:: Exercise objective ::
Nothing after the line with "Portability for the" belongs in the copy; extract the lines below from the top through that line, pictures left out.

:: Information supplied ::
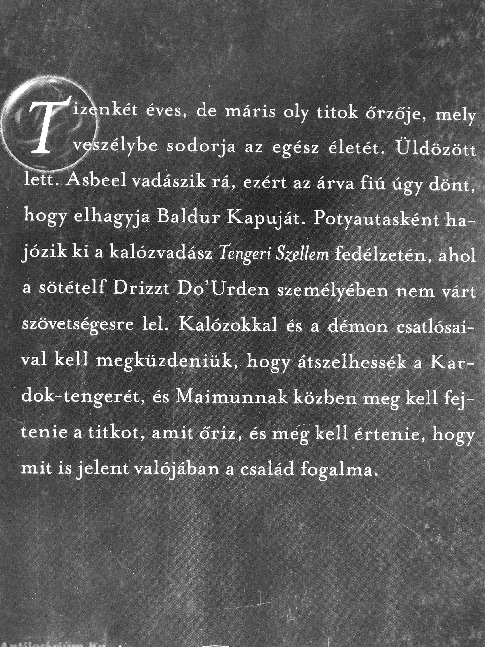 r ^^i^nkét éves, de máris oly titok őrzője, mely K a. vplzélybe sodorja az egész életét. Üldözött lett. Asbeel vadászik rá, ezért az árva fiú úgy dőnt, hogy elhagyja Baldur Kapuját. Potyautasként hajózik ki a kalózvadász tengeri Szellem fedélzetén, ahol a sötételf Drizzt Do'Urden személyében nem várt szövetségesre lel. Kalózokkal és a démon csatlósaival kell megküzdeniük, hogy átszelhessék a Kardok-tengerét, és Maimunnak közben meg kell fejtenie a titkot, amit őriz, és meg kell értenie, hogy mit is jelent valójában a család fogalma.
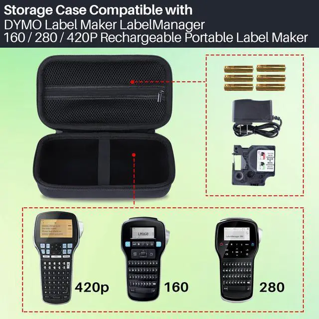 Portability for the case: The case compatible with DYMO LabelManager 160 or DYMO LabelManager 280 or DYMO LabelManager 420P label maker is equipped with a convenient carry on strap, which is compact and easy to carry to schools, parks, or anywhere outside. It can also be placed in a backpack, car seat, or handbag when going out. Notice!! Only LabelManager 160 Case! (DYMO LabelManager 160 or DYMO LabelManager 280 or DYMO LabelManager 420P label maker and its accessories are not included)
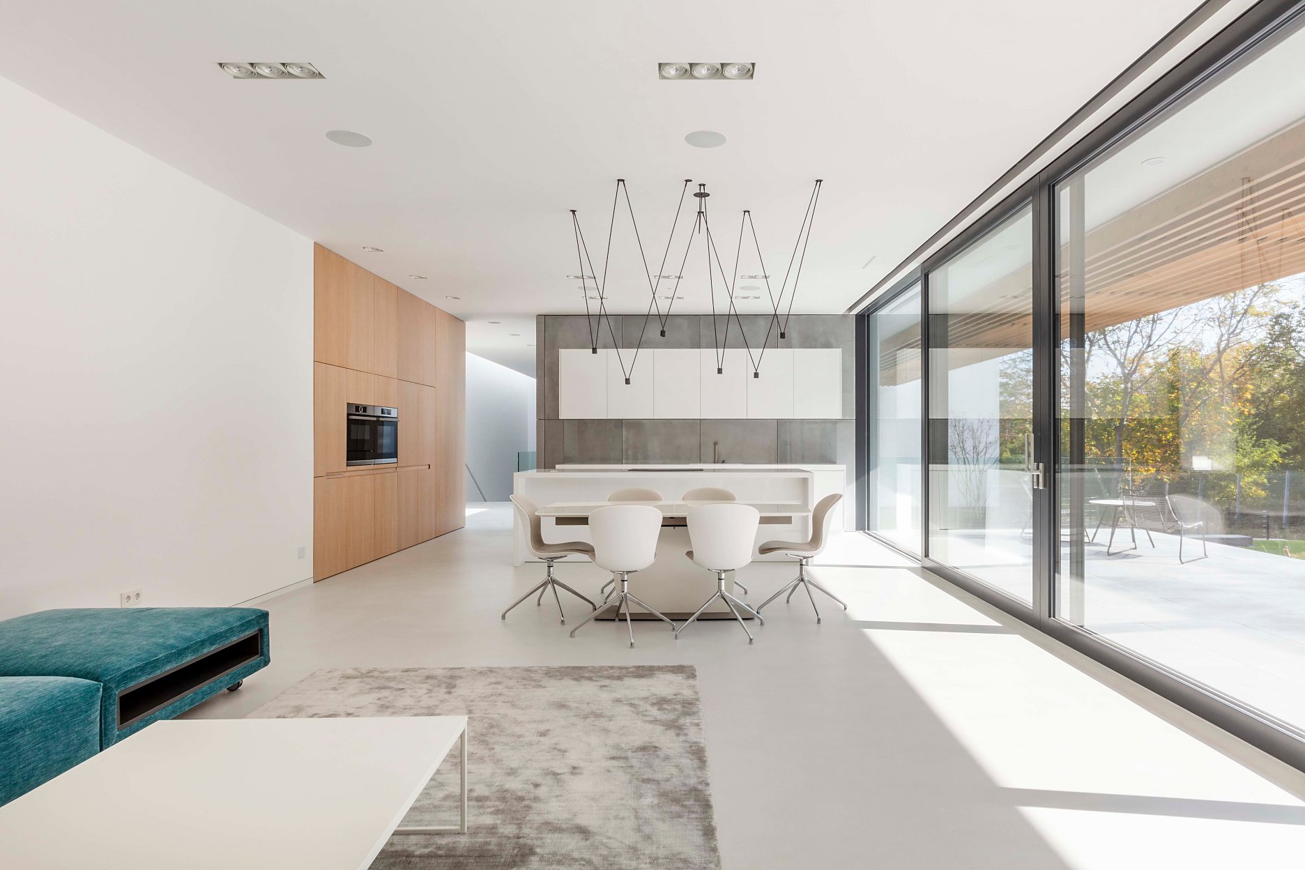 Zdvižno-posuvné dvere na prízemí opticky otvárajú obytný priestor do záhrady a blízkej prírody. "Práca so svetlom zdôrazňuje sofistikované priestorové väzby,“ hovorí člen poroty architekt Gregor Wakolbinger a dodáva: "Okrem toho spadá projekt do energetickej triedy AA+ a možno ho považovať za model energeticky efektívnej výstavby."

:: Output of the exercise ::
 r ^^i^nkét éves, de máris oly titok őrzője, mely K a. vplzélybe sodorja az egész életét. Üldözött lett. Asbeel vadászik rá, ezért az árva fiú úgy dőnt, hogy elhagyja Baldur Kapuját. Potyautasként hajózik ki a kalózvadász tengeri Szellem fedélzetén, ahol a sötételf Drizzt Do'Urden személyében nem várt szövetségesre lel. Kalózokkal és a démon csatlósaival kell megküzdeniük, hogy átszelhessék a Kardok-tengerét, és Maimunnak közben meg kell fejtenie a titkot, amit őriz, és meg kell értenie, hogy mit is jelent valójában a család fogalma.
 Portability for the case: The case compatible with DYMO LabelManager 160 or DYMO LabelManager 280 or DYMO LabelManager 420P label maker is equipped with a convenient carry on strap, which is compact and easy to carry to schools, parks, or anywhere outside. It can also be placed in a backpack, car seat, or handbag when going out. Notice!! Only LabelManager 160 Case! (DYMO LabelManager 160 or DYMO LabelManager 280 or DYMO LabelManager 420P label maker and its accessories are not included)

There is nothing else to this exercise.